The crystals announced themselves before the eyes could adjust — a thousand fractured light sources, a geological symphony performed in silence. The cave exhaled cold air that tasted faintly of something mineral and ancient, and the walls moved with reflected brilliance like a room that had quietly learned to dream.

Miranda stopped walking.

For a woman of her discipline and composure, it was essentially equivalent to anyone else dropping their jaw.

"Fascinating," she said, moving between the formations with the reverent velocity of a child who had been told not to touch anything in a museum and was already calculating how close she could get. "There's an actual physical source. The Megamycete isn't synthesizing these minerals — it's collecting them. Stockpiling them." She turned to look at him, and for a moment, the mask felt like an unnecessary formality. "Like a library. It's building a library inside its hosts."

Lionel placed the Adamantite ore in her hands.

"So, can it be done?"

Miranda looked at the ore. Then at the crystals. Then, at the end again, in the manner of a woman doing mathematics that most people don't have variables for.

"Yes," she said. "But we'll need considerably more of this. Creating even a single viable host will require enough ore to saturate the Megamycete's absorption threshold before the Cadou introduction. We're not replacing crystal — we're convincing an organism that's spent years learning one material to accept another." A pause. "It's like re-teaching someone to write with their non-dominant hand. Possible. Not fast."

Lionel's eye twitched.

He pressed his fingers to his temple with the quiet urgency of a man whose brilliant plan had just revealed its material requirements.

"Heisenberg."

"Creator."

"How much Adamantite has been extracted so far?"

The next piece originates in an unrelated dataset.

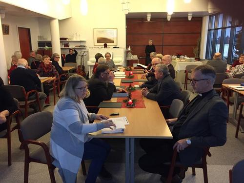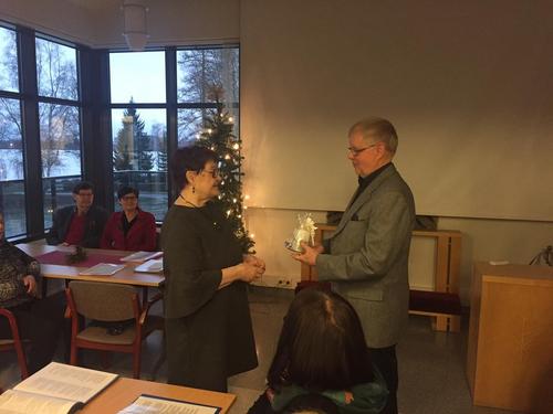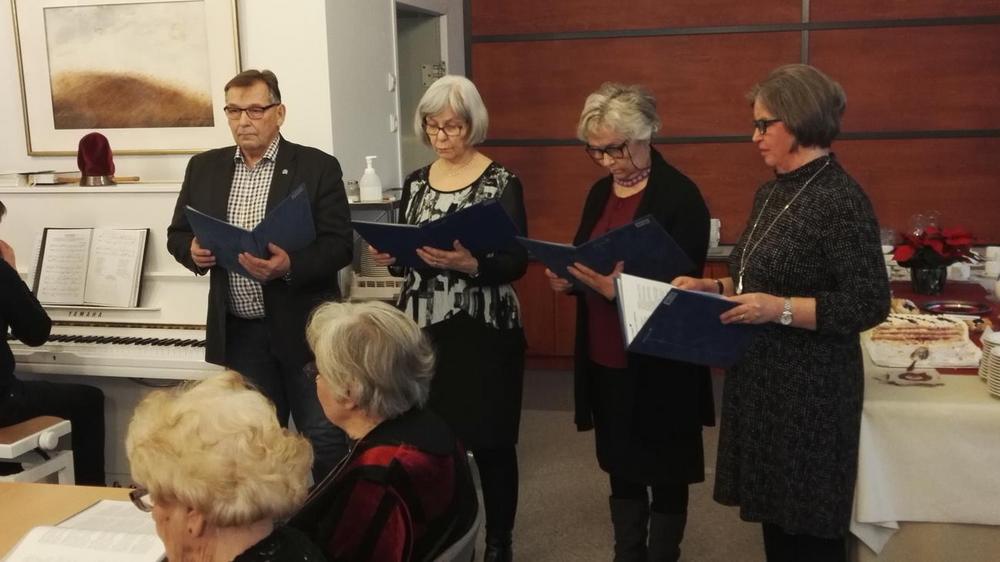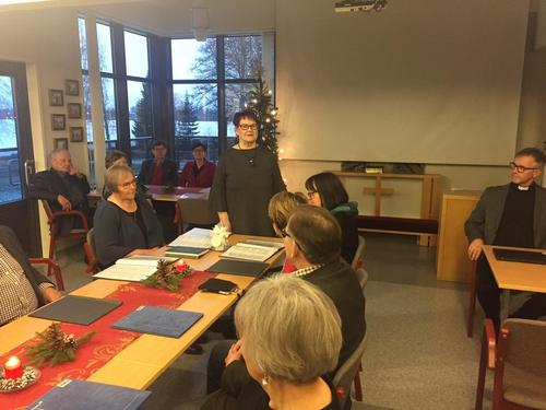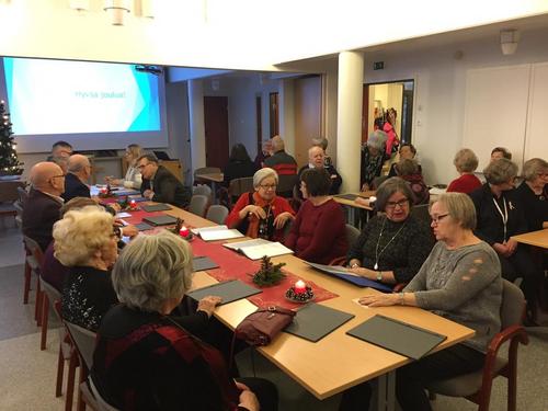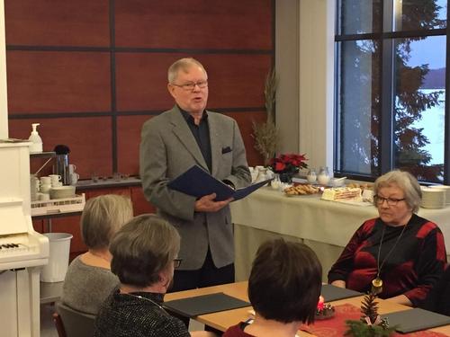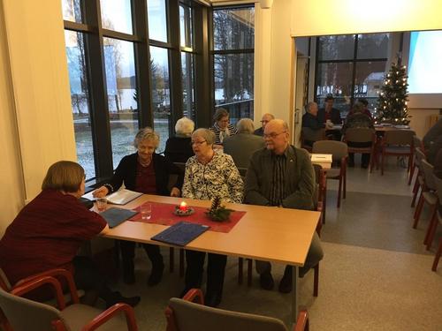 Tämän vuoden Adventinhartaus pidettiin jälleen Kirkontuvalla. Mauno Laakso teki jälleen suuren työn sen järjestämisestä ja ohjelman sisällöstä sekä tilaisuuden juontamisesta.Tilaisuus aloitettiin yhteislaululla: virsi 30. Sen jälkeen oli vuorossa Jouluevankeliumi, joka oli jaettu seitsemään osaann. Juhani luki jakeet 1-7. Ulla ja Kimmo lauloivat Marian poika: säkeet 1-3. TuireLaakso luki jakeet 8-12. Tarja lauloi Soi laulu enkelten: säkeet 1-3. Liisa Heinilä luki jakeet 13-15. Teuvo ja Mauno lauloivat Oi Betlehem sä pienoinen: säkeet 1-2.Seija Hänninen luki jakeet 16-20. Sen jälkeen yhteislaulu Joulun kellot: säkeet 1-4. Kirkkoherra Ari Auranen piti Adventin hartaushetken. Jälleen yhteislaulu Jouluyö, juhlayö: säkeet 1-3. Sisko-Maija esitti runon: Joulun aikaan. Kimmo Niskala kertoi, säesti ja lauloi omavalintaisen laulun. Ari Auranen piti loppurukouksen. Sen jälkeen yhteislauluna virsi 21: säkeet 1-3 ja 10. Ismo Pitkänen toimi tilaisuuden kanttorina ja laulujen säestäjänä. Alajärven Osuuspankki toimi tilaisuuden isäntänä. Myyntipäällikkö Anne Paavola kiitti yhdistystä kutsusta ja toivotti Osuuspankin puolesta hyvää Joulua sekä uutta vuotta 2019. Puheenjohtaja Seija Tuisku luovutti Mauno Laaksolle Jouluisen kynttilälahjan hyvin onnistuneesta tilaisuuden järjestämisestä. Tuleva vuoden 2019 puheenjohtaja Reijo Ojanen sekä Teuvo Kangas muistivat eroavaa puh.joht. Seija Tuiskua ja sihteeri Paula Nuolikoskea myöskin Jouluisilla kynttilälahjoilla. Seija Tuisku kiitti Kirkkoherra Ari Aurasta Osuuspankia ja Anne Paavolaa, kanttori Ismo Pitkästä, kaikkia esiintyjiä ja paikalla olleita senioreitä sekä toivotti kaikille hyvää siunattua joulua ja parempaa uutta 2019.

"Not much, I'm afraid. The ore is substantially harder than standard metals. The J'avos are strong, but the veins are stubborn. Progress has been slow."

Lionel exhaled a breath he hadn't realized he was holding.

"Good." He said it with the profound relief of a man who had just been told his flight was delayed, and his luggage was the reason. "Stop all Adamantite mining immediately. Quarantine the veins. We are experimenting."

"Understood. The J'avos will stand down."

"We'll meet you there."

He closed the Hive Mind and looked at Miranda, who had already turned back to the crystals with the focused intensity of a woman who had just been handed a problem worth having.

The world had already seen what the C-Virus could do to the architecture of a human being. It had seen what the G-Virus could do to the concept of growth. Neither of those had consulted anyone's feelings on the matter.

Now the Megamycete would have its moment.

"Go to the mine," Lionel said. "I'll follow shortly."

Miranda left, and Lionel stood alone in the crystal cave.

The light moved across the formations in slow, indifferent patterns — the crystals utterly unbothered by the fact that a man was having an existential reckoning in their presence. They had, after all, been here long before him. They would, he acknowledged privately, probably be here long after.

Unless he ate them first, which was now technically on the table.

He had been afraid.

Not of Ainz himself — he was honest enough with himself to maintain that distinction. Ainz Ooal Gown was powerful, yes, incomprehensibly so, but it was not Ainz that had planted the splinter of fear in his chest during that first meeting. It was the implication of Ainz. The suggestion that the world contained players — beings from his world, with full access to Yggdrasil's rulebook — who could simply decide that the Virus race was inconvenient and act accordingly.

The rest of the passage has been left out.